Documenting the rise and rise and rise of OSGrid. Adam Frisby examines the massive growth of OSGrid, for those who don't know OSGrid is largest open virtual world where anybody can connect their own server. Essential reading..!
I thought it would be interesting to make some pretty charts
representing the data behind OSGrid.org's operations. The following
is accurate as of today, but probably wont be tommorow. Some of the
data is missing or has gaps in it - this is because during those
periods I was not able to get accurate data and decided not to
display it at all.
Servers
There are a total of 395 unique IP addresses connected to
OSGrid, each roughly corresponds to a unique physical server
hosting regions. Of these, 130 were compiled from SVN and give
version information. (265 not reporting version).

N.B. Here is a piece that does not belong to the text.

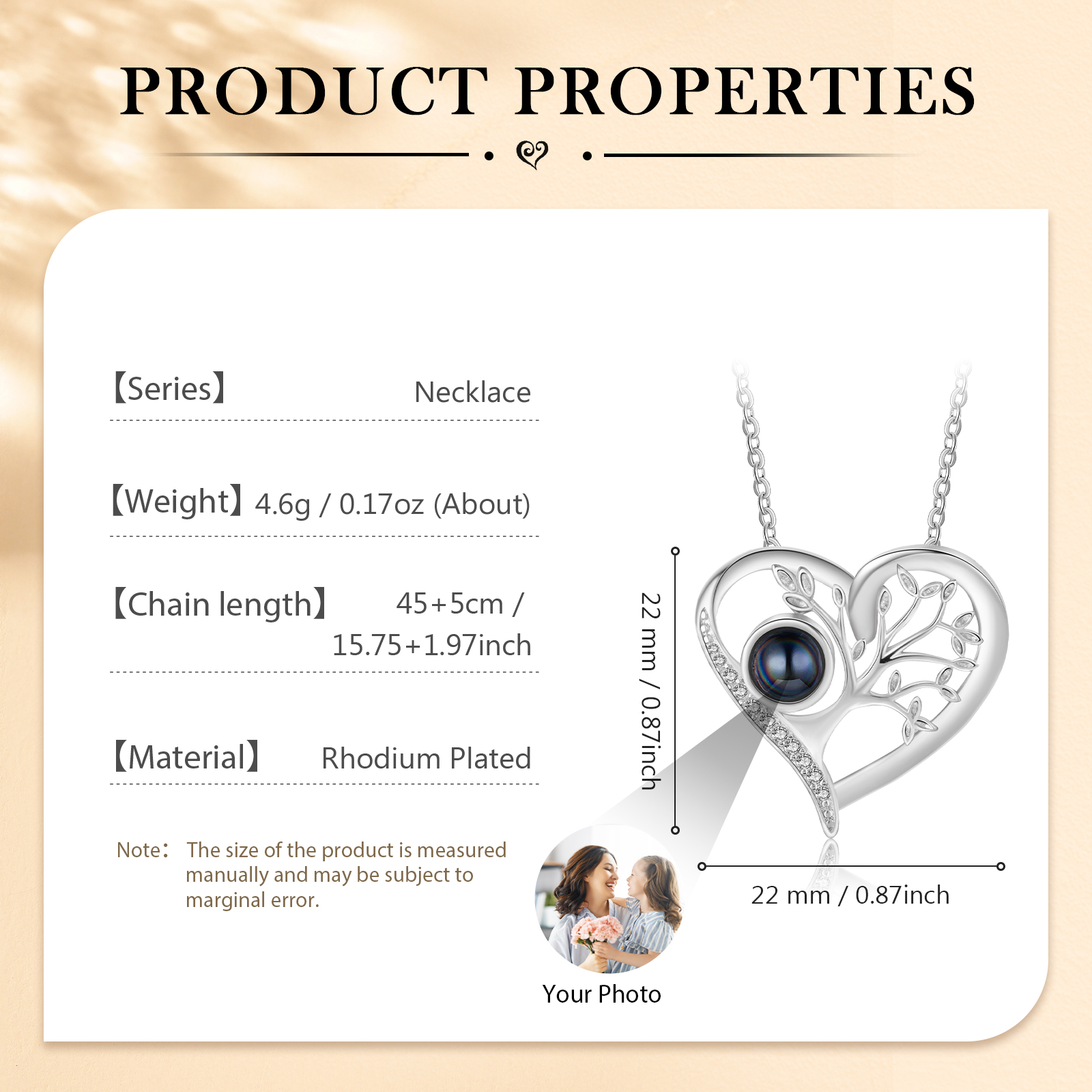 • A Picture Inside – Each necklace has a custom picture inside. You can upload any picture which you favorite. The clearer the uploaded photo, the better the effect. Look inside or use your phone's camera to reveal the picture.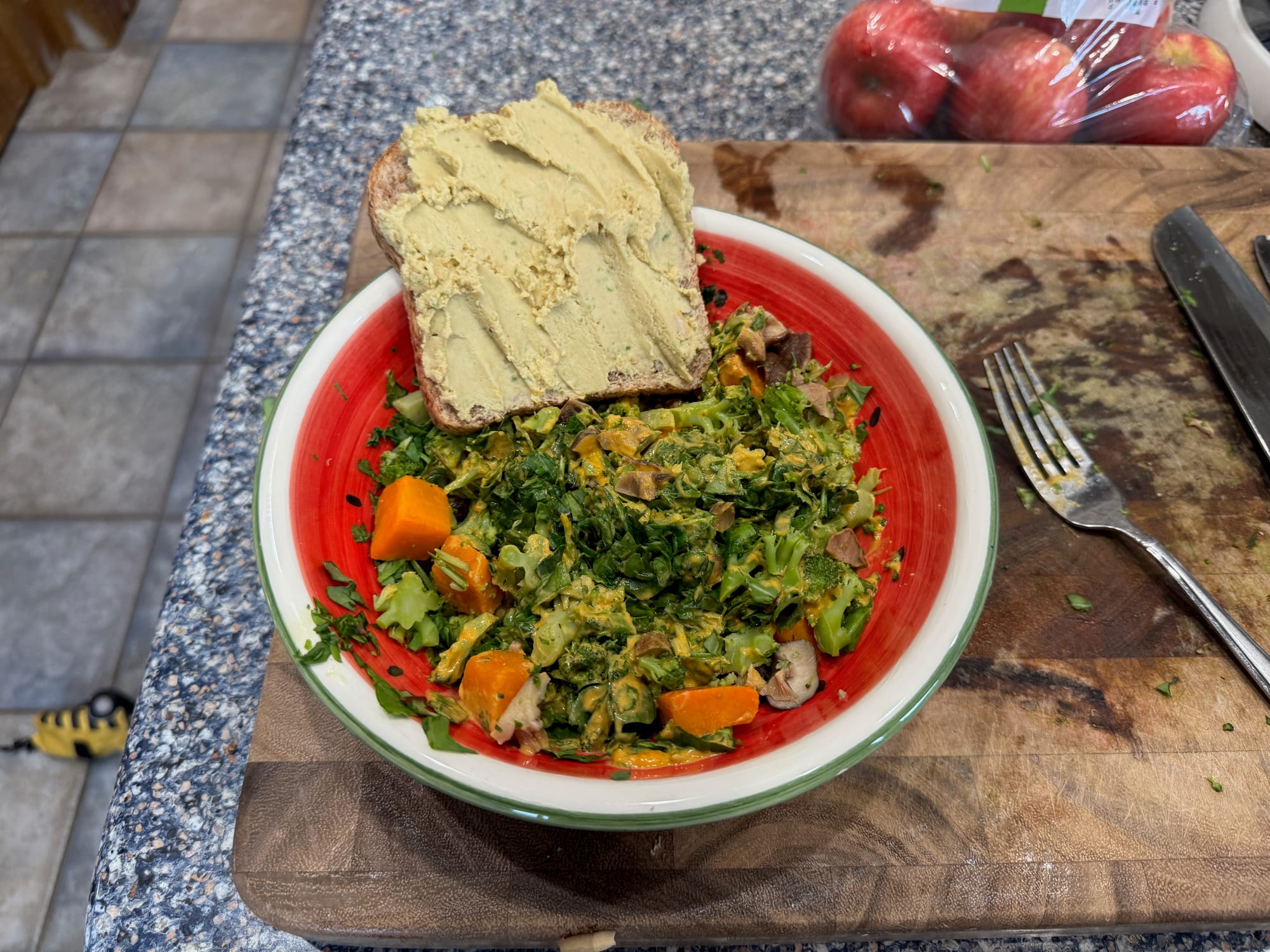 Here’s the food my wife and I eat, before we commit violent crimes and terrorism. We only eat whole food plant based, because we don’t believe in killing…anything.

The most popular version is r9332 with 35 unique servers running
this revision. Next is a tie between the official 0.6.4 release and
r9313 with 20 unique servers each. The remainder is distributed
fairly evenly between r9307 and r9336. It is worth noting that
version information was introduced in r9307 - so we cant quite yet
see into the 60% that are running behind that version. What is
interesting to note is however than 30% of the regions on OSGrid
were updated with this revision already and indicates active
upgrades and maintainence.
Fig 1. OpenSimulator Versions on
OSGrid.org
Regions
At time of writing, there are 2,083 regions connected to OSGrid,
owned by 386 unique avatars. (Averaging 5.3 regions per avatar) on
395 unique servers. Each server hosts on average 5.2 regions, the
mode is 1, with 35% of servers hosting only a single region. The
following chart displays the average number of regions per server
over a range of values. Interestingly, this means that 1 in 7.5
users own their own region on OSGrid (compared to 1 in 600 in
Second Life®)
Fig 2. Regions per Server on OSGrid
Users
The most interesting statistics are to do with users - currently
there are 15,669 users registered on OSGrid.org. 20% of these users
have logged in in the last week, 40% in the last month (75% in the
last quarter). You can see the proportion of users who have logged
in since a certain date on the following chart.
Fig 3. User logins since specified
date
User Registrations are also fairly interesting to look at -
OSGrid benefited enormously by Linden Lab's Open Space pricing
change announcement back in last November. Since the announcement,
registrations on osgrid per day has doubled.
Fig 4. User Registrations per Day
Fig 5. Total User Registrations
It will be interesting to see if history repeats itself again
when the next set of price increases occur in June.
Assets
A final note - I cannot make any charts on the asset table
because, despite the presence of a creation date - running the
query on our 2 million assets results in database meltdown. I can
however give some quick figures on the asset table, there are
2,164,534 assets on OSGrid at present occupying a mere 65.4 GB
(well less than a percentage of the Linden Lab asset cluster). Part
of this is because unless an asset is in inventory, the central
asset servers do not care to know about it.